Need some advice - What would be a good pleco/bottom cleaner for a 75 gallon? 

I will be getting it from Petsmart or Big Al's so, nothing too pricy or out of the way to get.


----------



## 1077 (Apr 16, 2008)

29Kilo29 said:


> Hi,
> 
> Need some advice - What would be a good pleco/bottom cleaner for a 75 gallon?
> 
> I will be getting it from Petsmart or Big Al's so, nothing too pricy or out of the way to get.


 
I personally like plecos and have several different species but purchasing them as "cleaner fish" is perhaps not wise if one consider's the amount of waste (poop) they create on daily basis. This result's in more waste to be removed with weekly water change rather than providing a cleaner substrate.
With that said , I would maybe select a species that does not get too large = less poop.
Bristlenose would be my first choice for they stay relatively small (5 inches), and are fairly easy to find .


----------



## Byron (Mar 7, 2009)

Agree. It is hard to second guess what you might mean by "cleaner," since some fish are useful for picking up bits of food, no fish can exist on this but requires proper balanced nutrition suited to the species.
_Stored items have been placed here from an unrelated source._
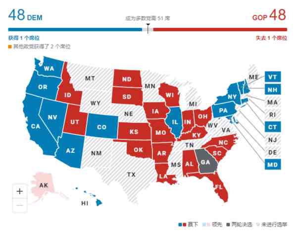 在参议院选举中,民主党甚至反杀一席,提前守住了参议院。如果12月6日佐治亚州联邦参议员决选再被民主党拿下,那么民主党反而会扩大自己在参议院的优势……
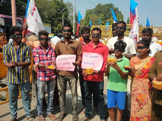 அதனை அடுத்து தலைமை காவலரை ஆயுதப்படைக்கு பணியிட மாற்றம் செய்து சேலம் காவல் ஆணையர் உத்தரவிட்டார். இந்த நிலையில் முறைகேடாக மது பாட்டில்கள் விற்பனை செய்பவர்கள் மீது நடவடிக்கை எடுக்காமல் அமைச்சர் வரை கமிஷன் போகிறது என்று கூறிய காவலர் மீது நடவடிக்கை எடுக்கப்பட்டதாக தெரிவித்த இந்திய ஜனநாயக வாலிபர் சங்கத்தினர், சேலம் மாநகர் முழுவதும் நடைபெறும் கள்ளத்தனமான மது விற்பனை மற்றும் கஞ்சா, குட்கா உட்பட்ட போதை பொருட்களை விற்பனை செய்வதை தடுக்காத காவல்துறையினரைக் கண்டித்து இன்று கண்டன ஆர்ப்பாட்டத்தில் ஈடுபட்டனர். அப்போது மிக்சர் சாப்பிட்டும் கண்களை கருப்புத் துணியால் கட்டிக் கொண்டும் நூதன முறையில் போராட்டத்தில் ஜனநாயக வாலிபர் சங்கத்தினர் ஈடுபட்டதால் பரபரப்பு ஏற்பட்டது.
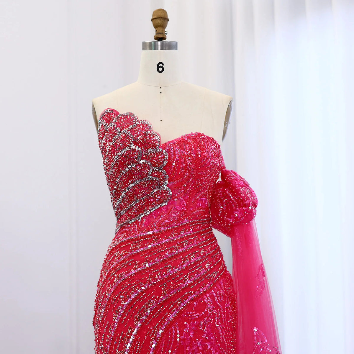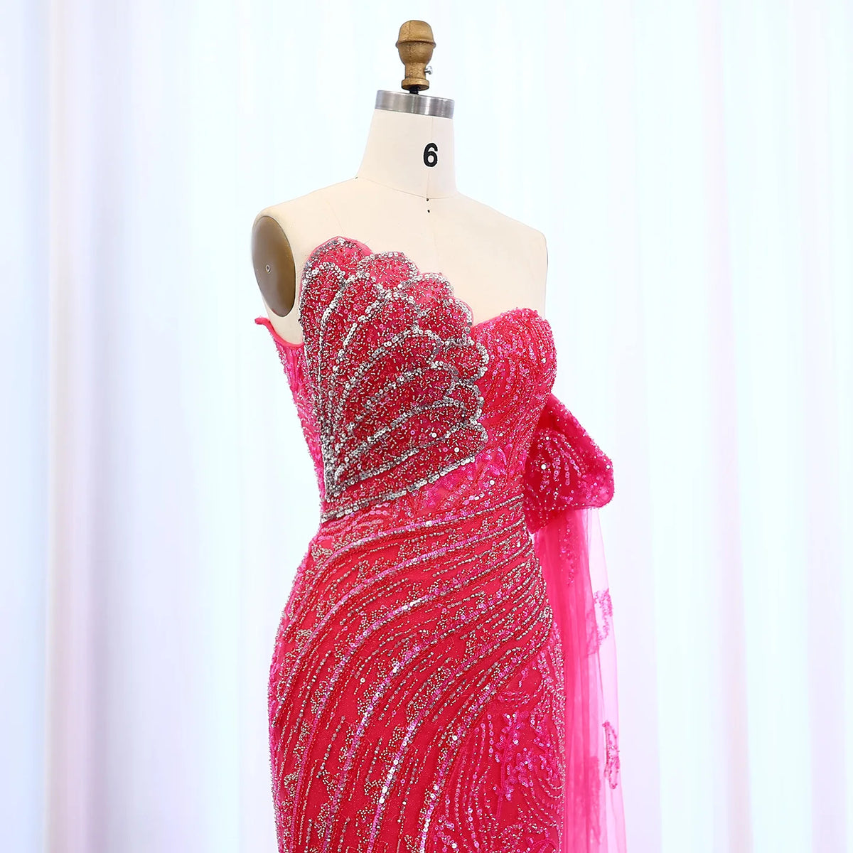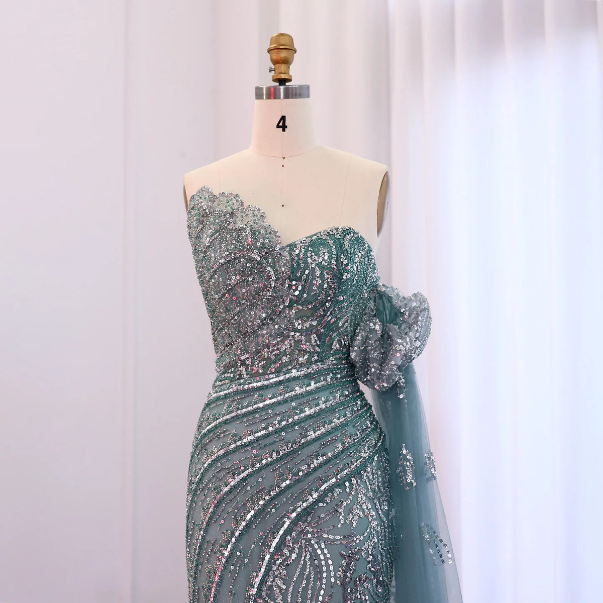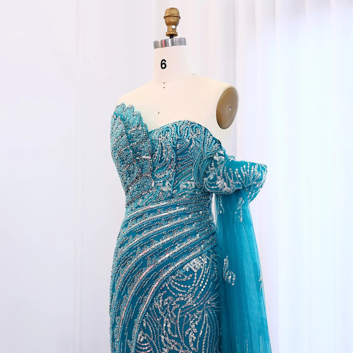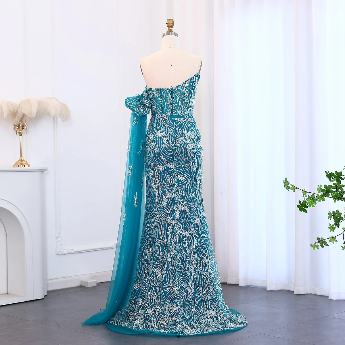 Elevate your evening attire with the Luxury Beaded Scalloped Turquoise Evening Dress SS021. Expertly crafted, this dress features intricate beading that enhances its scalloped design, creating a refined silhouette. The rich turquoise hue adds a sophisticated splash of color, perfect for formal occasions. Designed for those who appreciate meticulous detail and timeless elegance, this gown offers both style and presence for your most memorable events.
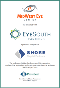 Rex Adams, EyeSouth’s CEO, continued “We are thrilled to welcome Midwest Eye Center to the EyeSouth network and appreciate the strong, professional support that the Provident team provided throughout the process.”
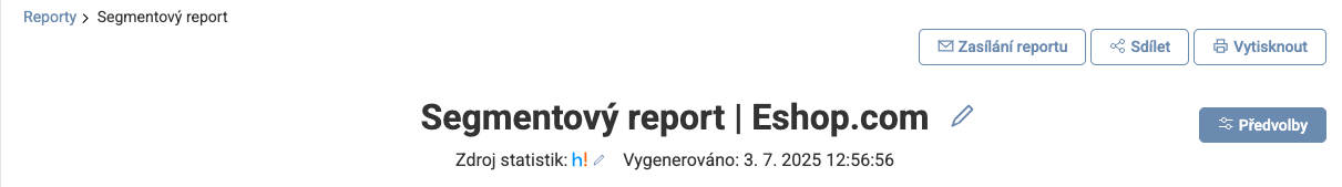 | Zdroj statistik | Logo indikuje zdroj dat využívaný pro výkonnostní data reportu. Klepnutím na „pero“ vedle loga můžete tento zdroj změnit.\ Pozn.: Změna zdroje se vztahuje pouze na segmentový report a bude použita při každém dalším jeho vygenerování |

And no fish will "clean" the substrate. Snails are better at this, along with plants and regular maintenance by the aquarist.

Corydoras and loaches (those species that remain suitable in size for a group in a 75g) are interesting fish that also help with substrate food, and some pleco species in for instance the genus Hypancistrus remain under 5-6 inches and are primarily carnivorous (i.e., not algae grazers like Bristlenose species).
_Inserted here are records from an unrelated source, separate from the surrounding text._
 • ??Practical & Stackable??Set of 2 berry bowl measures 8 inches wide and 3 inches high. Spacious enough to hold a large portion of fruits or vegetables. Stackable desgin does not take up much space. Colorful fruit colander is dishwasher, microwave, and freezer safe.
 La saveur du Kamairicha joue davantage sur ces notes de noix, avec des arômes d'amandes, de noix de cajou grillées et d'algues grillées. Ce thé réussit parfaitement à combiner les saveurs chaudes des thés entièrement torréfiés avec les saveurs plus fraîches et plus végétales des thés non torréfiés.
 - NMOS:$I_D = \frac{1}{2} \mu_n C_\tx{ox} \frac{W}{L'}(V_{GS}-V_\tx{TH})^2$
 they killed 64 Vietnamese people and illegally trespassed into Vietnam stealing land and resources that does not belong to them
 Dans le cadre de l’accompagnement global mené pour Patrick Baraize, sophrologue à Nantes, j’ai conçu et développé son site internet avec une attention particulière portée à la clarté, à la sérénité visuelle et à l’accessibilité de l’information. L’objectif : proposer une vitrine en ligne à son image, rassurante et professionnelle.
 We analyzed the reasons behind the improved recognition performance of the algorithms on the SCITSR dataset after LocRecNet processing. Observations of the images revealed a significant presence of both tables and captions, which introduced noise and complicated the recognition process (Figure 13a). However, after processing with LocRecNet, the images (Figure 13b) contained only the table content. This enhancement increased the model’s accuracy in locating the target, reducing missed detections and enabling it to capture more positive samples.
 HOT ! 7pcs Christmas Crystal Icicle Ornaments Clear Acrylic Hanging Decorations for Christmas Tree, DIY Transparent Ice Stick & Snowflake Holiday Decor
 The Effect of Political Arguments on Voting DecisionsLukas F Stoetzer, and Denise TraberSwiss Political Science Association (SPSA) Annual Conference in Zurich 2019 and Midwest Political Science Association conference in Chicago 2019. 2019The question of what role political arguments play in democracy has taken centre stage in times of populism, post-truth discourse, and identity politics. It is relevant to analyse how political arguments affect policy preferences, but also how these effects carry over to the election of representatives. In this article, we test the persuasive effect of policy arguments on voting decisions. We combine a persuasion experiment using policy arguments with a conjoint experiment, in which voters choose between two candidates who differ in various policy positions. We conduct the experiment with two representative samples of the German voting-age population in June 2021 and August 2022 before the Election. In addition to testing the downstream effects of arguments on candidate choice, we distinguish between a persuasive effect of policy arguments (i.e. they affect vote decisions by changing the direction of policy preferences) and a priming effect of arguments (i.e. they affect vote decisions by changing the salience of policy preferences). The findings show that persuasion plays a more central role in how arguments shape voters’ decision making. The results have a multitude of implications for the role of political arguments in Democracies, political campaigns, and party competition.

Several of these are in our profiles, second tab from the left in the blue bar across the top, under catfish (cory species, pleco) and Cyprinids (loaches).

Byron.


----------



## 29Kilo29 (Mar 25, 2011)

Sorry, by cleaner I meant something that will eat any extra food on the bottom, and algae. I currently have a type of pleco that does this in my 30 gal (forgot the name at the moment)... but he is pretty small and I would like something bigger in the 75 gal. Extra poop I can handle, as I do gravel vacuums weekly and change the water. 
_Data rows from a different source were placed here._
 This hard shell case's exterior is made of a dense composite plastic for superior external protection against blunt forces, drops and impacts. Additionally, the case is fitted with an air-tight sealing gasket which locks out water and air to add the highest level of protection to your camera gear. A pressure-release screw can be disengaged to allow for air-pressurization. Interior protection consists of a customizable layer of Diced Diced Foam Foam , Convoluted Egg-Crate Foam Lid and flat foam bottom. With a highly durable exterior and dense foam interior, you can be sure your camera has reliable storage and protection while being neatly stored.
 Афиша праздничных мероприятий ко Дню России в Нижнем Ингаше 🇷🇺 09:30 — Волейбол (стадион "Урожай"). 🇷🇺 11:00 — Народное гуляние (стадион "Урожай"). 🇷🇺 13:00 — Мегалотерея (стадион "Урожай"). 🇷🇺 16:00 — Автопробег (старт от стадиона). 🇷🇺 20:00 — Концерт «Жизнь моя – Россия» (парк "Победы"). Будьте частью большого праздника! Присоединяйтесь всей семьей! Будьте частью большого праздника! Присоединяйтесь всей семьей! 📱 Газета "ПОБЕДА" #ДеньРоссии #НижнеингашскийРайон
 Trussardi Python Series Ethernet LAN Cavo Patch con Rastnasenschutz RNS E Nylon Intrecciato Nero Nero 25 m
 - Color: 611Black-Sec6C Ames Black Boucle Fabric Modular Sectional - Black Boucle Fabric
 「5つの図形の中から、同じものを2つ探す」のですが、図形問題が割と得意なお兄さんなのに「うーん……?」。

Would small catfish work as well? 

I am not to familier with plecos, so bear with me 

Thanks.


----------



## Byron (Mar 7, 2009)

29Kilo29 said:


> Sorry, by cleaner I meant something that will eat any extra food on the bottom, and algae. I currently have a type of pleco that does this in my 30 gal (forgot the name at the moment)... but he is pretty small and I would like something bigger in the 75 gal. Extra poop I can handle, as I do gravel vacuums weekly and change the water.
> 
> Would small catfish work as well?
> 
> ...


No problem. What type of algae? All of the so-called algae-eating fish are fairly restrictive in the type ofalgae they will eat. Most catfish will not touch algae, at least not in any significant amount.


----------



## 29Kilo29 (Mar 25, 2011)

Byron said:


> No problem. What type of algae? All of the so-called algae-eating fish are fairly restrictive in the type ofalgae they will eat. Most catfish will not touch algae, at least not in any significant amount.


Err... I really have no idea what kind of algae. Whatever kind grows on gravel and glass I guess.


----------



## Byron (Mar 7, 2009)

29Kilo29 said:


> Err... I really have no idea what kind of algae. Whatever kind grows on gravel and glass I guess.


That could be any of several;-). Any chance of a photo? Or a description including colour, appearance, etc. might help us pin it down.


----------